→ **Activity**
Transcribe the entries below exactly from their first line through the line containing "묵직한 원목이라 흔들림없이", and let no picture into the copy.

[Saved data entries]

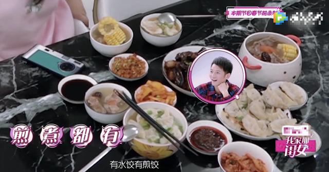 欣赏下,林允的丰盛大餐,饺子、煎饺、玉米龙骨汤、红烧肉,煎煮都有
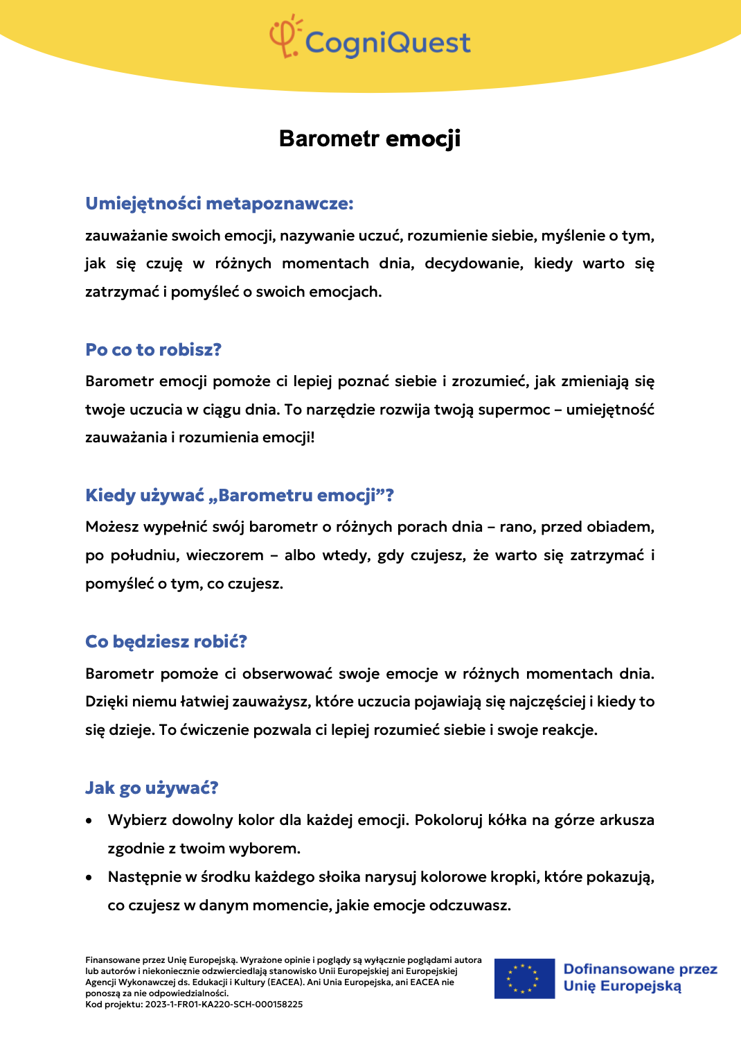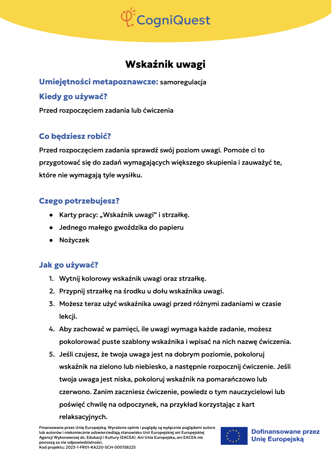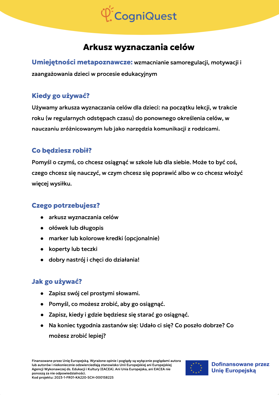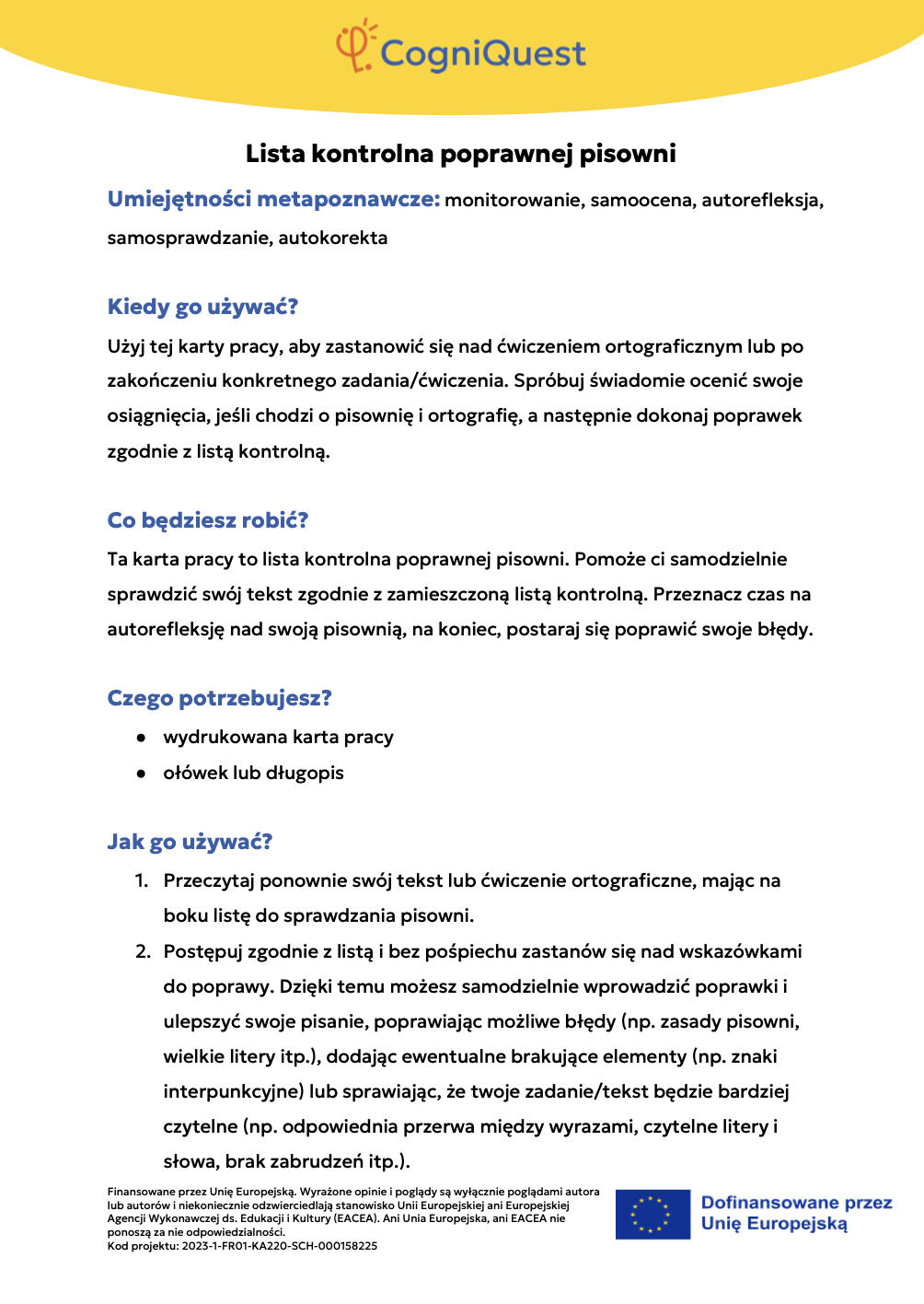 Przeglądaj Krótkie opowiadania do nauki Skrzydła IkaraSyreni ŚpiewSekretny KluczZagadka zaginionego kluczaTajemnica znikającego trofeumTajemnicza mapaLabirynt wspomnieńUkryta wiadomośćHarfa PrawdyZwierciadło Morfeusza Wszystkie historie Pomyśl Czym jest metapoznanie?Sekrety twojego myślenia i naukiZostań odkrywcą myśli!Metapoznanie oraz style uczenia się Gra karciana Zastosuj Myślę o moim myśleniu! – Bilet wyjściaMapa mojego myślenia: Jak uczę się najlepiej?PLANUJ & PISZ: Twoja superstrategia pisania tekstuZagadka zamglonego umysłuMyślenie jak sygnalizacja świetlna – Zatrzymaj się / Pomyśl / DziałajStrategia SCANTechnika FeynmanaQuiz – Poznaj siebie trochę lepiejStrategia ASCQLokalna i globalna korekta tekstu pisanego Wszystkie ćwiczenia Wdróż Mój super umysł – jak go wzmocnić?MOJA GŁOWA MYŚLI! – Jak się uczę i co mi pomaga?Tabela WCD – Co wiem, co chcę wiedzieć, czego się dowiedziałem/am?Karty refleksji metapoznawczejWskaźnik uwagiBarometr emocjiKoło metapoznawczeMój plan nowych nawyków myśleniaArkusz wyznaczania celówLista kontrolna poprawnej pisowni Wszystkie narzędzia
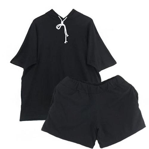[엄지척]데일리로 입기 좋은 여자 반팔 후드 밴딩 반바지 세트_19557933_667501
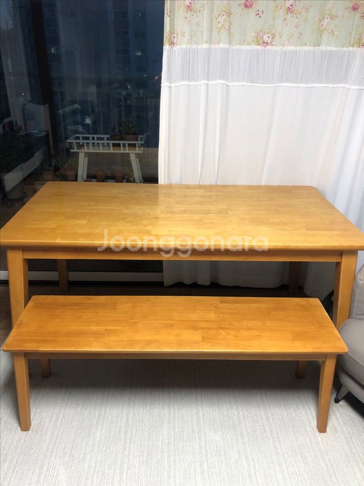 묵직한 원목이라 흔들림없이 잘 썼어요 1600x850사이즈 식탁용으로 아이들 거실 책상용으로 두루 썼구요 벤치의자라 활용하기 좋았어요 원목이라 어디든 다 잘 어울려요 벤치의자는 방석을 깔아써서 벗기면 깨끗한 편이구요 테이블은 잔기스들이 보여요(쓴흔적)중간에 찍힌부분도 보이구요 다리에도 기스들 보이네요 이건 조금만 써도 어쩔수 없더라구요 이게 좀 빈티지해 보여서 나름 괜찮아요 유리나 아님 아크릴 같은거 깔아 쓰면 좋을듯하구요 사진속 식탁의자 말고 벤치+테이블 판매해요 벤치의자 방석은 모던하우스껀데 지금은 단종이라 구할수 없어 좀 찢어지고 낡아 있는데 쓰는데 지장 없어요 필요하심 같이 드릴께요^^ 직접 가져 가셔야 합니다 옮길때 같이 도와드릴수 있어요
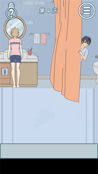 先点击水龙头放满水,然后点击开关使水沸腾镜子出现水蒸气,关闭开关,回到场景一点击闹钟叫醒女朋友,即可通关。
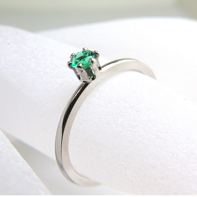 シルバーリング(指輪)合成石エメラルド(AAA)3mm(ラウンド)「SV925」(ロジウム仕上げ)(サイズ目安:7号)(10個)
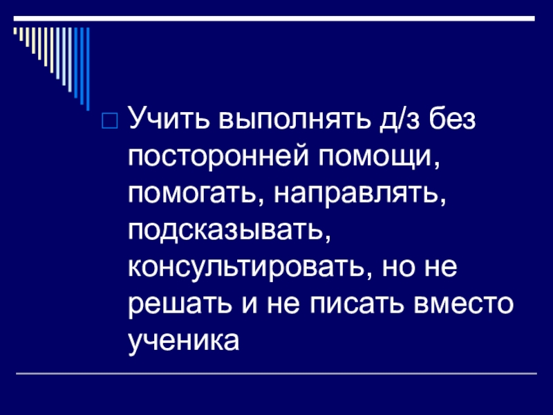 Учить выполнять д/з без посторонней помощи, помогать, направлять, подсказывать, консультировать, но
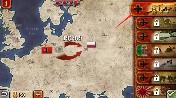 10、触摸我方部队所在的地区就可以让部队行动了,蓝色箭头指向可以移动的地区,红色箭头指向和敌军交战的地区。

→ **Task result**
 欣赏下,林允的丰盛大餐,饺子、煎饺、玉米龙骨汤、红烧肉,煎煮都有
 Przeglądaj Krótkie opowiadania do nauki Skrzydła IkaraSyreni ŚpiewSekretny KluczZagadka zaginionego kluczaTajemnica znikającego trofeumTajemnicza mapaLabirynt wspomnieńUkryta wiadomośćHarfa PrawdyZwierciadło Morfeusza Wszystkie historie Pomyśl Czym jest metapoznanie?Sekrety twojego myślenia i naukiZostań odkrywcą myśli!Metapoznanie oraz style uczenia się Gra karciana Zastosuj Myślę o moim myśleniu! – Bilet wyjściaMapa mojego myślenia: Jak uczę się najlepiej?PLANUJ & PISZ: Twoja superstrategia pisania tekstuZagadka zamglonego umysłuMyślenie jak sygnalizacja świetlna – Zatrzymaj się / Pomyśl / DziałajStrategia SCANTechnika FeynmanaQuiz – Poznaj siebie trochę lepiejStrategia ASCQLokalna i globalna korekta tekstu pisanego Wszystkie ćwiczenia Wdróż Mój super umysł – jak go wzmocnić?MOJA GŁOWA MYŚLI! – Jak się uczę i co mi pomaga?Tabela WCD – Co wiem, co chcę wiedzieć, czego się dowiedziałem/am?Karty refleksji metapoznawczejWskaźnik uwagiBarometr emocjiKoło metapoznawczeMój plan nowych nawyków myśleniaArkusz wyznaczania celówLista kontrolna poprawnej pisowni Wszystkie narzędzia
[엄지척]데일리로 입기 좋은 여자 반팔 후드 밴딩 반바지 세트_19557933_667501
 묵직한 원목이라 흔들림없이 잘 썼어요 1600x850사이즈 식탁용으로 아이들 거실 책상용으로 두루 썼구요 벤치의자라 활용하기 좋았어요 원목이라 어디든 다 잘 어울려요 벤치의자는 방석을 깔아써서 벗기면 깨끗한 편이구요 테이블은 잔기스들이 보여요(쓴흔적)중간에 찍힌부분도 보이구요 다리에도 기스들 보이네요 이건 조금만 써도 어쩔수 없더라구요 이게 좀 빈티지해 보여서 나름 괜찮아요 유리나 아님 아크릴 같은거 깔아 쓰면 좋을듯하구요 사진속 식탁의자 말고 벤치+테이블 판매해요 벤치의자 방석은 모던하우스껀데 지금은 단종이라 구할수 없어 좀 찢어지고 낡아 있는데 쓰는데 지장 없어요 필요하심 같이 드릴께요^^ 직접 가져 가셔야 합니다 옮길때 같이 도와드릴수 있어요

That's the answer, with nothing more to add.